Messer M., Weigel C.: DnaA initiator - also a transcription factor. Molecular Microbiology 1997, 24:1-6.

Chiaramello A.E., Zyskind, J.W.: Coupling of DNA replication to growth rate in Escherichia coli: A possible role for guanosine tetraphosphate. J. Bacteriology 1990, 172:2013-2019.

Quiñones A., Wandt G., Kleinstauber S., Messer W.: DnaA protein stimulates polA gene expression in Escherichia coli. Molecular Microbiology 1997, 23: 1193-1202.

Sun L., Jacobson B., Dien B., Srienc F., Fuchs J.: Cell Cycle Regulation of the Escherichia coli nrd Operon: Requirement for a cis-Acting Upstream AT-Rich Sequence. J. Bacteriology 1994, 176: 2415-2426.

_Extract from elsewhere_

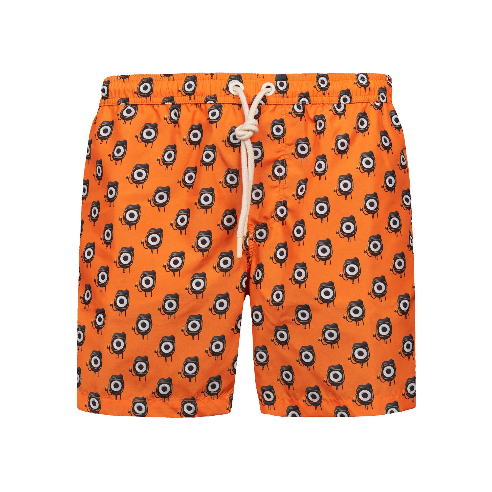 Pantaloncini da bagno da uomo stampa Dour Darcel #403 su sfondo arancione. Prodotto unico, numerato e in tiratura limitata. Il suo acquisto da accesso alla prestigiosa asta per la vendita dell'NFT Dour Darcel #403.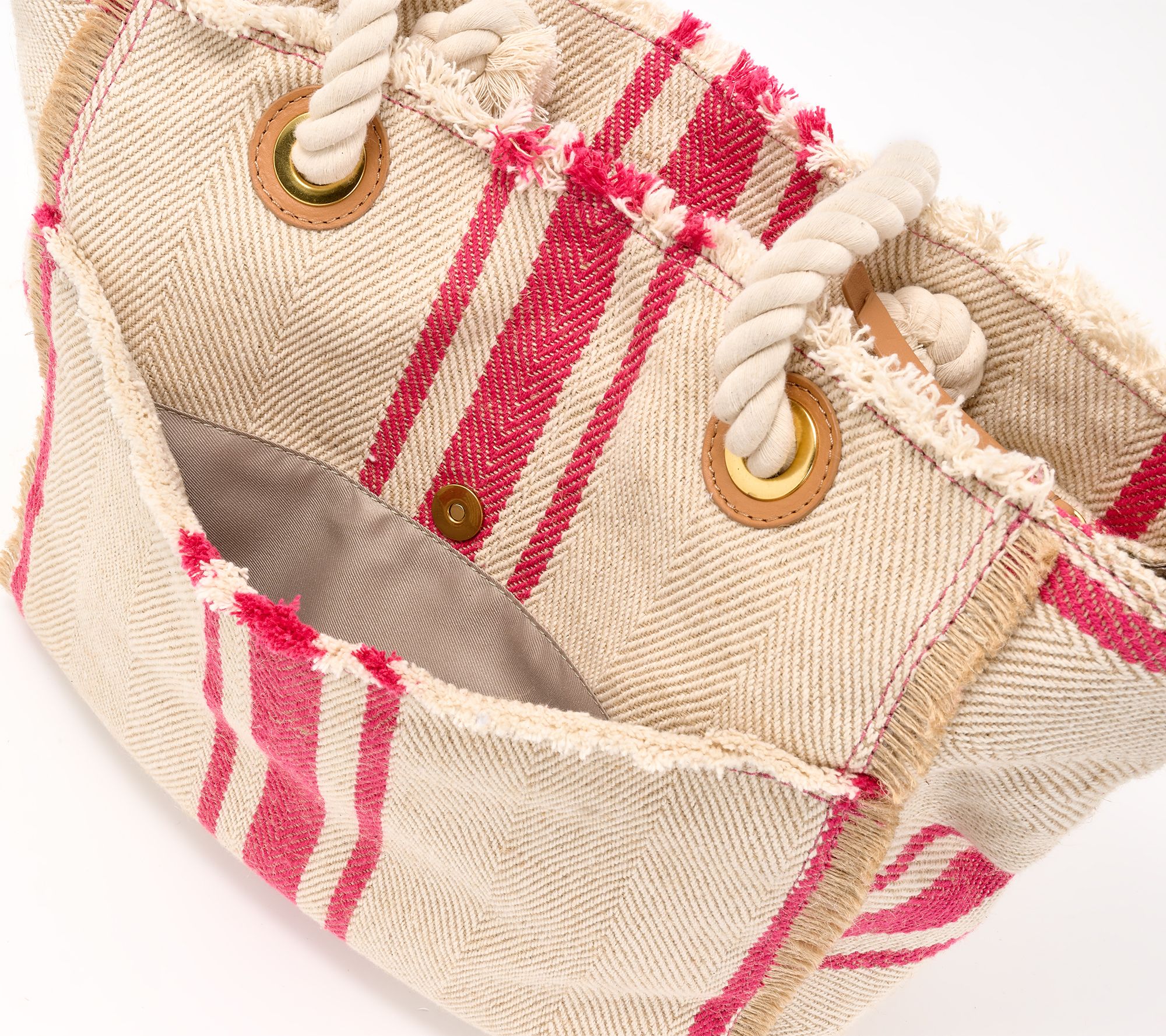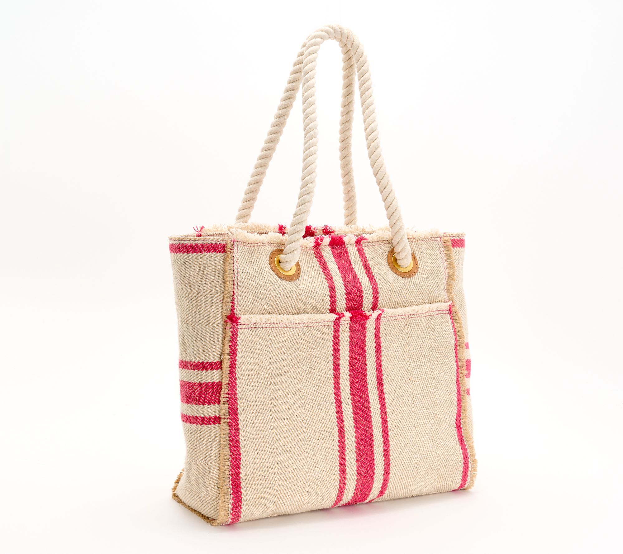 • Body 80% cotton/20% jute; trim 100% leather; lining 100% polyester

Sun L., Fuchs J.: Escherichia coli Ribonucleotide Reductase Expression is Cell Cycle Regulated. Molecular Biology of the Cell 1992, 3:1095-1105.

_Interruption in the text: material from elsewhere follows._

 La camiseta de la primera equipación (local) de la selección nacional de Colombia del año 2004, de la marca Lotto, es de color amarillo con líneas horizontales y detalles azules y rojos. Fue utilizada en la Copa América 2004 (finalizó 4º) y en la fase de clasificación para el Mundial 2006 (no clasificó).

Messer W.: The bacterial replication initiator DnaA. DnaA and oriC, the bacterial mode to initiate DNA replication 2002, 26:355-374.

Lam A., St-Pierre F., Gong Y., Marshall J.D., Cranfill P.J., Baird M.A., McKeown M.R., Wiedenmann J., Davidson M.W., Schnitzer M., Tsien R.Y., Lin M.Z.: Improved dynamic range of genetically encoded FRET sensors with bright new green and red fluorescent proteins. Nature Methods 2012, 9:1005-1012.

Ferullo D.J., Cooper D.L., Moore H.R., Lovett S.T.: Cell cycle synchronization of E. coli using the stringent response, with fluorescence labeling assays for DNA content and replication. Methods 2009, 48:8-13.

Grant M.A.A., Saggioro C., Ferrari U., Bassetti B., Sclavi B., Lagomarsino M.C.: DnaA and the timing of chromosome replication in Escherichia coli as a function of growth rate. BMC Systems Biology 2011, 5:201.